Beat the Turtle Drum
- 1976 edition
- Author: Constance C. Greene
- Illustrator: Donna Diamond
- Language: English
- Genre: Middle grade fiction
- Publisher: Viking Press
- Publication date: 1968
- Publication place: United States
- ISBN: 9780140368505

= Beat the Turtle Drum =

1968 children's novel by Constance C. Greene

Beat the Turtle Drum is a 1968 middle grade coming-of-age book by Constance C. Greene.

The story follows a summer in which two sisters save up the money to rent a horse, after which tragedy strikes in an unexpected accident. This story is semi-autobiographical, inspired by Greene's own childhood experience with the death of a sister.

Beat the Turtle Drum was an ALA Notable Book and the recipient of multiple awards. It was adapted into an ABC Afterschool Special in 1977, and has been printed in multiple editions. The book was illustrated by Donna Diamond.

==Plot==
Written in a diary format, the story follows Kate, a 13-year-old aspiring poet whose best friend is her younger sister, 11-year-old Joss. Kate often believes her parents consider Joss the "favorite child", but doesn't resent her sister or her parents much, as she thinks her parents don't even realize they have a favorite, and she loves Joss.

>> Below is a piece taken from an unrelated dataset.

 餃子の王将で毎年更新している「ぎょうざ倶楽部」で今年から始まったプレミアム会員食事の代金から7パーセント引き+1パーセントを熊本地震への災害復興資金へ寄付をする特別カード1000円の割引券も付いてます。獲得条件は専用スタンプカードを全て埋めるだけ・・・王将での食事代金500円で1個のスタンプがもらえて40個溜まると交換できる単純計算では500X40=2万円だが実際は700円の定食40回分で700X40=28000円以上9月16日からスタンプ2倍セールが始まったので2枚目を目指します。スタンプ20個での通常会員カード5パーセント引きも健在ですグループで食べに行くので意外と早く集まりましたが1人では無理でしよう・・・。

Joss, obsessed with horses, has been saving money to rent a horse for the week of her birthday. When the big week arrives, Kate, Joss, and Tootie, an 8-year-old neighbor boy who harbors a crush on Joss, ride out to the farm of Mr. and Mrs. Essig to rent the gentlest of their aging horses, Prince. Joss wakes early every day to ride and tend to the horse and make him a comfortable home in the family's garage. Kate, Joss, their parents, and their friends Ellen, Sam, and Tootie spend an idyllic week with Prince, enjoying their summer and the magic of Joss' wish come true.

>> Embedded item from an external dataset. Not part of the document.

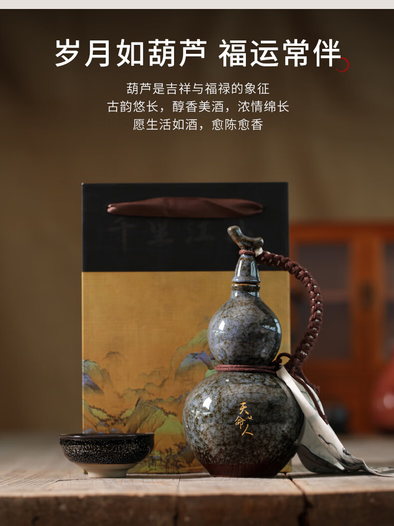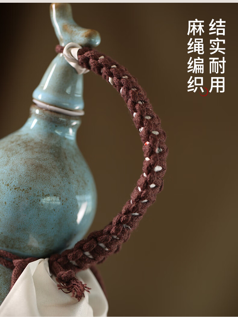 Miaopule high-end Tianmingren gourd wine bottle kettle, ancient style white wine ceramics, old-fashioned household men's national style, dark blue Tianmingren gourd + hand-held streamer + crossbody bell

On the second-to-last day of Prince's rental, Kate and Joss climb an apple tree in the yard to have a picnic like they did when they were younger. When Joss ventures out on a branch to check on Prince, the branch, weakened by a recent storm, snaps. Joss falls to the ground, breaking her neck and dying instantly.

Kate's story concludes with the various reactions of the people around her to the loss of Joss. She finds comfort in unexpected places, such as staying strong for the younger, heartbroken Tootie, and from her mother's cousin Mona, who she'd previously disdained due to a glandular problem. Kate acts out in response to the clumsy attempts of friends and neighbors to make sense of the death of someone so bright and young, but her mother comforts her and asks her to try not to let Joss' death make her mean and hard. As the summer reaches its end, Kate finds comfort in a letter from the sisters' third-grade teacher, who tells her that one day she'll be able to tell her own children about Joss, and that Joss will live in through her memories.

==Reception==
Beat the Turtle Drum has been compared with similar book Bridge to Terabithia as an exploration of childhood death from a child's perspective, earning praise early on for its approach to the subject matter. Barbara Wersba, a critic for The New York Times, said, "it is a simple book, and in many ways an unexceptional one. But its characters are human, and its heartbreak is true... in a very quiet way, Constance C. Greene has written a remarkable tale." Kirkus Reviews said that the book left, "the reader almost as unprepared as Kate is for the tragedy could be considered sneaky, but it's certainly effective; young readers lulled by Greene's net of contentment are bound to share Kate's shock as well as her earlier pleasure."

==Film adaptation==
Beat the Turtle Drum was adapted into an ABC Afterschool Special made-for-television film titled Very Good Friends in 1977, also marketed as Beat the Turtle Drum. The latter title was changed for the adaptation due to concerns over potential audience confusion over the meaning of the phrase "turtle drum", which had been a line of poetry cited in the original book, credited to Ian Serraillier.

The film was directed by Richard C. Bennett, and starred Melissa Sue Anderson and Katy Kurtzman. It was released as part of a four-part set on DVD.